=== Begin Enclosure ===
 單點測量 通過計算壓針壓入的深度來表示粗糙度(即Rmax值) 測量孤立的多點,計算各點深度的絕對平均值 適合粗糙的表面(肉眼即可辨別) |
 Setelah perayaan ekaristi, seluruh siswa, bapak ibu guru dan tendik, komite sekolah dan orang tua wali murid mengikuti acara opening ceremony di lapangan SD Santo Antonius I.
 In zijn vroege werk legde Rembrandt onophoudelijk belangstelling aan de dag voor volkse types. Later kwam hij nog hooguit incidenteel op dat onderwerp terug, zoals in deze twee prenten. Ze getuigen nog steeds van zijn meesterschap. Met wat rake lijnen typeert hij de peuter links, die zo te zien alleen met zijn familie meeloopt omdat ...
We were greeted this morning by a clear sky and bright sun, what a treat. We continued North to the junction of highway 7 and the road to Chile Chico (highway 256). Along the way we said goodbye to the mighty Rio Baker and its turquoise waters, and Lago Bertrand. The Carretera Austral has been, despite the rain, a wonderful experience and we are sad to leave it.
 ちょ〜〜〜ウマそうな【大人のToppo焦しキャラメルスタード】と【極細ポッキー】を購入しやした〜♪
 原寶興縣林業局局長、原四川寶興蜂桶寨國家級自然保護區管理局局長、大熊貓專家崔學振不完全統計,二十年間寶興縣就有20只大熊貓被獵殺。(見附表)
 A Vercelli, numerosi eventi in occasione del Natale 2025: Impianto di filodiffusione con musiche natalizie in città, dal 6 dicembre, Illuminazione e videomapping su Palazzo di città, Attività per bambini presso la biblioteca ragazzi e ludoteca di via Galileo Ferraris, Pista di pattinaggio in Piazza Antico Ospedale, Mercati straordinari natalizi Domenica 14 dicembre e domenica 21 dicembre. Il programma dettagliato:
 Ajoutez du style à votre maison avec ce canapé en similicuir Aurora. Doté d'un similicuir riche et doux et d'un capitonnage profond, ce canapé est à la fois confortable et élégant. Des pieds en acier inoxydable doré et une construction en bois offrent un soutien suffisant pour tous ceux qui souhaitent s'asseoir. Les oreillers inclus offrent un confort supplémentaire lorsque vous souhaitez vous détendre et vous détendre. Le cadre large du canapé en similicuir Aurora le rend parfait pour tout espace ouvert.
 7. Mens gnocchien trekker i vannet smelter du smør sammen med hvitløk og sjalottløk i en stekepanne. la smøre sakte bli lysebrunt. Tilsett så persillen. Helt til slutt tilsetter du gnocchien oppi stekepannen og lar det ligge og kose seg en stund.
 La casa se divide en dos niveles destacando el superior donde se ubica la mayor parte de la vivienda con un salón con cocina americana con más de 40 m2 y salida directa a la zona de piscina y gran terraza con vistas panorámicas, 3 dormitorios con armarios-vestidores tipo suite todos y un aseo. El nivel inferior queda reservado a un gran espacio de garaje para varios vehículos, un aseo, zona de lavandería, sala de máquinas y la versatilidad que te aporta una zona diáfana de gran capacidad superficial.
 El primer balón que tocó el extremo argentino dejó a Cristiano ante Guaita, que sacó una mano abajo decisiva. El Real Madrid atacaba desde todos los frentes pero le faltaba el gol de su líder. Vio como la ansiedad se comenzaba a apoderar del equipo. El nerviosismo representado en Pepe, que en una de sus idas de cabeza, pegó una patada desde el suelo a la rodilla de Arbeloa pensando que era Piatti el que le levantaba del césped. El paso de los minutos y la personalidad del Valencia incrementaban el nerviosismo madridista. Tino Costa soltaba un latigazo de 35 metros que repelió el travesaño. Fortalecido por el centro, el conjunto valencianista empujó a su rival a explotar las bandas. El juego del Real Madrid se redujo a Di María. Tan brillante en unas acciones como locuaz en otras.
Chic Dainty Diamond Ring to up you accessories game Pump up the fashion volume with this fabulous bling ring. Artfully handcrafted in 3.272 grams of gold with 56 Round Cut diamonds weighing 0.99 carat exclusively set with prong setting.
=== End Enclosure ===
Go through the entries above and copy each line with "this" in it.

* [Task result]:
We were greeted this morning by a clear sky and bright sun, what a treat. We continued North to the junction of highway 7 and the road to Chile Chico (highway 256). Along the way we said goodbye to the mighty Rio Baker and its turquoise waters, and Lago Bertrand. The Carretera Austral has been, despite the rain, a wonderful experience and we are sad to leave it.
Chic Dainty Diamond Ring to up you accessories game Pump up the fashion volume with this fabulous bling ring. Artfully handcrafted in 3.272 grams of gold with 56 Round Cut diamonds weighing 0.99 carat exclusively set with prong setting.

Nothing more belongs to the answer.